I thought about titling this blog announcement "Tenenbaum! Thou art avenged!"
but decided to stay away from the link bait. That and I hugely admire Linus. I
actually think they were both right.

For those who don't know, I am referring to the epic smack down that occurred
many years ago between Tenenbaum and Torvalds over microkernels:

[http://www.oreilly.com/openbook/opensources/book/appa.html](http://www.oreilly.com/openbook/opensources/book/appa.html)

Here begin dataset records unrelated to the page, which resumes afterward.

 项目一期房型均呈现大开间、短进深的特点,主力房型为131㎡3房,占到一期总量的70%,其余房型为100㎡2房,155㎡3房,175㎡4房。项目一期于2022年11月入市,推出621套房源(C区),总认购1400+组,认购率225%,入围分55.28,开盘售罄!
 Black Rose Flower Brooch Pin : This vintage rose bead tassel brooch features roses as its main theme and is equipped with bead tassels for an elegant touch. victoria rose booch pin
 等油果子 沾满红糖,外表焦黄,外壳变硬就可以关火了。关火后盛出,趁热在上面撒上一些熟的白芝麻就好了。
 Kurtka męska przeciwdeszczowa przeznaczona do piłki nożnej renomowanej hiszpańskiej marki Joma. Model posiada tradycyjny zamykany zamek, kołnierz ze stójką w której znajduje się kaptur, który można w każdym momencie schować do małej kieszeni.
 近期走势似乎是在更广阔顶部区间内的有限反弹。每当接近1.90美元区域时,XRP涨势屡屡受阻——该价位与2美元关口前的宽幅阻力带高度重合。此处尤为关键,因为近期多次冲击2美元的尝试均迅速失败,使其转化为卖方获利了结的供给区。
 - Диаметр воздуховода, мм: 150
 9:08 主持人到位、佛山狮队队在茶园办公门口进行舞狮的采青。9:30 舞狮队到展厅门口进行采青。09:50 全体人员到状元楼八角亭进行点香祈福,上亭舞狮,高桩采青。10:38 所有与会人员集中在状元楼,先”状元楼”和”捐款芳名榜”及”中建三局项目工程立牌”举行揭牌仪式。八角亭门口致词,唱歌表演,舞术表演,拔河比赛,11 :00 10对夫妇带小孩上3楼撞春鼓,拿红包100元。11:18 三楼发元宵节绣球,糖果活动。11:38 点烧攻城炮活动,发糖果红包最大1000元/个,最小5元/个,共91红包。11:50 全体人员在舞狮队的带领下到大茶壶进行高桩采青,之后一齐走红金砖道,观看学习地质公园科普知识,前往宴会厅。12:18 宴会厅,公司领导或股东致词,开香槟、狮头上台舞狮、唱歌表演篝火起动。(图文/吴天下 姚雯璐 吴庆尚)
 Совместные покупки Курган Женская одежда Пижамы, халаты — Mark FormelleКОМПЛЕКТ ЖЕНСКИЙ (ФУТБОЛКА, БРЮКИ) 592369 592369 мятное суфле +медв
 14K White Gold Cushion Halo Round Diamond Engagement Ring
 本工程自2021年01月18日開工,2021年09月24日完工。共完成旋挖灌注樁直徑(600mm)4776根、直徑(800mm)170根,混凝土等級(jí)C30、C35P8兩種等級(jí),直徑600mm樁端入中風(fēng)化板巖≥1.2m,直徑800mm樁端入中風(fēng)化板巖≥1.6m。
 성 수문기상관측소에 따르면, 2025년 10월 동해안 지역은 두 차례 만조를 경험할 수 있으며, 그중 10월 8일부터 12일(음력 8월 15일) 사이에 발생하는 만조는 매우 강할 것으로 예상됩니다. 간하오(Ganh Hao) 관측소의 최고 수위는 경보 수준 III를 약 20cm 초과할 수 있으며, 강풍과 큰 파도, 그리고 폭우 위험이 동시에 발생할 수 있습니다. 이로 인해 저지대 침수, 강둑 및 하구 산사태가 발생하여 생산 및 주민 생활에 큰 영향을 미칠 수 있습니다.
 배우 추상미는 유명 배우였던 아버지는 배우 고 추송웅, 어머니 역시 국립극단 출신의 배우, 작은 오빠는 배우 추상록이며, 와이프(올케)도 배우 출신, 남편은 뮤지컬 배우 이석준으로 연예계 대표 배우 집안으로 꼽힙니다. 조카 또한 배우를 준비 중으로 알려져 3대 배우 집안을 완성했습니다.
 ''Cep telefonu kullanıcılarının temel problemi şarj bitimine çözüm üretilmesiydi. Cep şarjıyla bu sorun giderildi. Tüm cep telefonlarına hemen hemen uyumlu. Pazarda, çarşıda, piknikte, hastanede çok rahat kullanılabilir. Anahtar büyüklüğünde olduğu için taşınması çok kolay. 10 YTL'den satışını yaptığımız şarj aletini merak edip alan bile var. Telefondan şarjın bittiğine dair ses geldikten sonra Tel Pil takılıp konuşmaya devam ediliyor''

I think Tenenbaum was right from a theoretical, academic point of view, but
Torvalds was right from a pragmatic ship-it-now point of view. He was also
right from an early 1990s point of view.

Linus was right because monolithic kernels are easier to build and faster for
monolithic system use cases. In the 1990s, individual commodity computer
systems were really not fast enough for extreme multi-tenancy beyond maybe
multi-purpose use within an organization. This is the sort of multi-tenancy
Unix was designed for: a box used by, say, a team or a university department.
For this use case a monolithic kernel makes sense for performance and
simplicity reasons. The advantages of microkernels just don't matter much,
since the box generally has one admin and all the users are trusted. Messing
with the kernel is not a big deal.

But then Moore's law happened. Now just about anything above a Raspberry Pi is
fast enough to host _lots_ of stuff. Big servers with dozens of cores can host
hundreds, sometimes even thousands of services. While they only take up single
racks, these machines are "main frames" in the classical sense and can easily
see diverse work loads belonging to multiple clients. It's incredibly wasteful
to single-purpose these machines and let them sit idle.

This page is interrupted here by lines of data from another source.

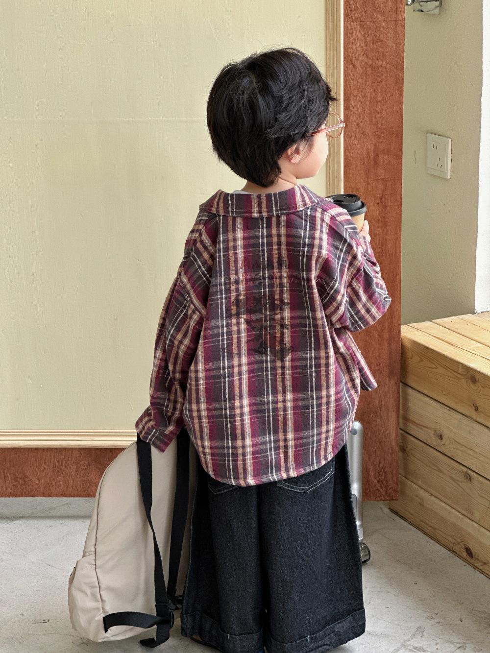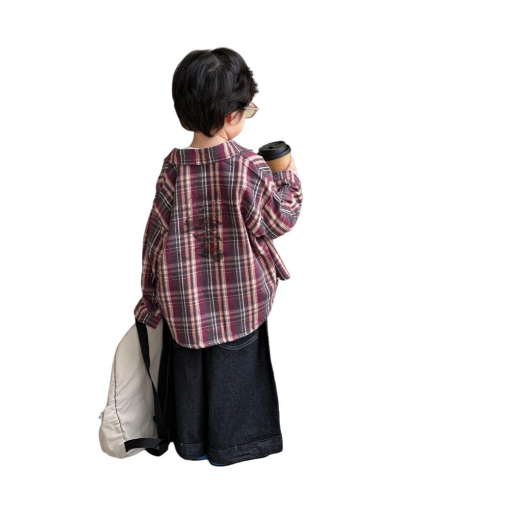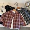 Camisa para Niños 2025 Otoño Nuevo Producto Niños y Niñas Estampado Tela a Cuadros Camisa de Bebé Versátil Camisa Chaqueta
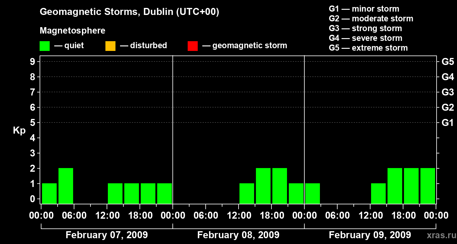 Geomagnetic storms in Dublin on Feb 09, 2009
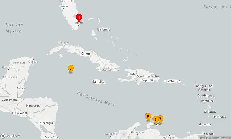 Diese Kreuzfahrt führt Sie zu den faszinierenden Häfen von Fort Lauderdale, George Town und Willemstad, die mit einzigartigen Sehenswürdigkeiten und lebendigen Eindrücken auf Sie warten.

So far we've hacked around this with virtualization mostly, but virtualization
is heavy and ugly. Think of it as a thick microkernel that runs a bunch of
other whole kernels as services.

On huge machines the advantages of microkernels really shine. You can extend
the system without having 'root' in a global sense. Crashes of individual
system extensions don't bring down the whole machine. Everything is multi-
threaded to take advantage of lots and lots of cores. It's even possible to
run system services in jails where they only have access to the resources they
need so that a compromise (e.g. buffer overflow) in a driver does not permit
compromise of the entire system.

So in the end I think Moore's Law has turned the debate a bit toward
Tenenbaum. But Linux has so much momentum I doubt it's going anywhere. Instead
I think we will see Linux evolve toward being more microkernel-y in the areas
where this is most desirable. Network virtualization is one such area. Another
is security zones. Soon we'll have really secure containers, allowing Docker
multi-tenancy, etc.

But I wouldn't count out alternatives either. There's an opportunity here for
something like Hurd if they could ever get that thing really moving. (Get the
Hurd moving... huh huh huh...)

Edit: Torvalds was also right because Mach, at least at the time of the
debate, was pretty slow. Mach is still not the best microkernel design. See
this deck:

[https://www.cse.unsw.edu.au/~cs9242/04/lectures/lect05b.pdf](https://www.cse.unsw.edu.au/~cs9242/04/lectures/lect05b.pdf)